Ultra hard composite materials, typically in the form of abrasive compacts, are used extensively in cutting, milling, grinding, drilling and other abrasive operations. They generally contain ultra hard abrasive particles dispersed in a second phase matrix. The matrix may be metallic or ceramic or a cermet. The ultra hard or hard abrasive particles may be diamond, cubic boron nitride (cBN), silicon carbide or silicon nitride and the like. These particles may be bonded to each other during the high pressure and high temperature compact manufacturing process generally used, forming a polycrystalline mass, or may be bonded via the matrix of second phase material(s) to form a polycrystalline mass. Such bodies are generally known as polycrystalline diamond (PCD), or polycrystalline cubic boron nitride (PCBN), where they contain diamond or cBN as the ultra hard particles, respectively.
PCT application WO2006/032984 discloses a method of manufacturing a polycrystalline abrasive element, which includes the steps of providing a plurality of ultra hard abrasive particles having vitreophilic surfaces, coating the ultra hard abrasive particles with a matrix precursor material, treating the coated ultra hard abrasive particles to render them suitable for sintering, preferably to convert the matrix precursor material to an oxide, nitride, carbide, oxynitride, oxycarbide, or carbonitride of the matrix precursor material, or an elemental form of the matrix precursor material, or combinations thereof, and consolidating and sintering the coated ultra hard abrasive particles at a pressure and temperature at which they are crystallographically or thermodynamically stable. In this way ultra hard polycrystalline composite materials are made having ultra hard particles homogeneously dispersed in fine, sub-micron and nano grained matrix materials.

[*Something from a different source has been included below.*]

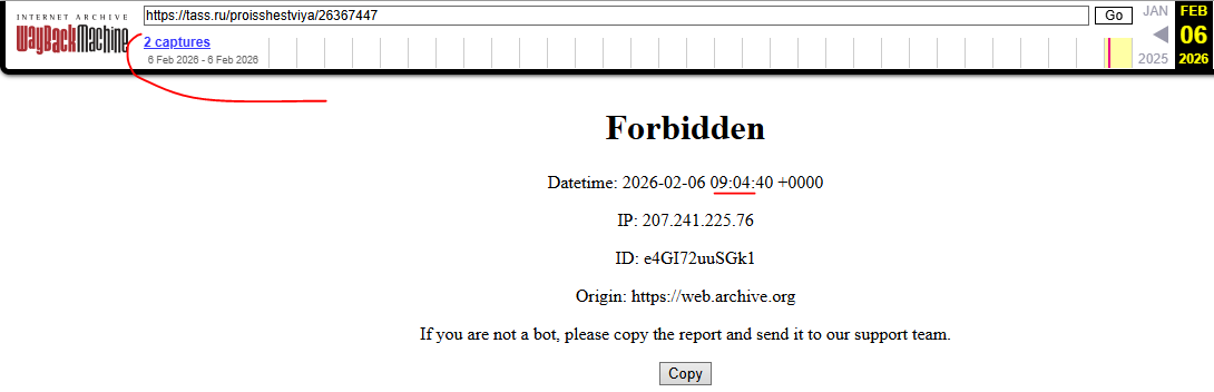 Вонючий Тасс защитился от всех 3 веб-архивов защитой от роботов, но Wayback Machine впервые отсканировал эту ссылку ещё в 09:04, за полчаса до 09:30.

The ultra hard abrasive elements typically comprise a mass of ultra hard particulate materials of any size or size distribution smaller than about several hundred microns, down to and including sub-micron and also nano-sizes (particles less than 0.1 microns i.e. 100 nm), which are well dispersed in a continuous matrix made of extremely fine grained oxide ceramics, non-oxide ceramics, cermets or combinations of these classes of materials.
EP 0 698 447 discloses another approach to the generation of ultra hard composite materials, whereby the matrix is generated by the pyrolysis of organometallic polymer precursors, such as pyrolysis of polymerized polysilazanes. This has particular utility for the generation of ultra hard composites derived from diamond and/or cBN where the ceramic matrices are selected from silicon carbide, silicon nitride, silicon carbonitride, silicon dioxide, boron carbide, aluminium nitride, tungsten carbide, titanium nitride, and titanium carbide.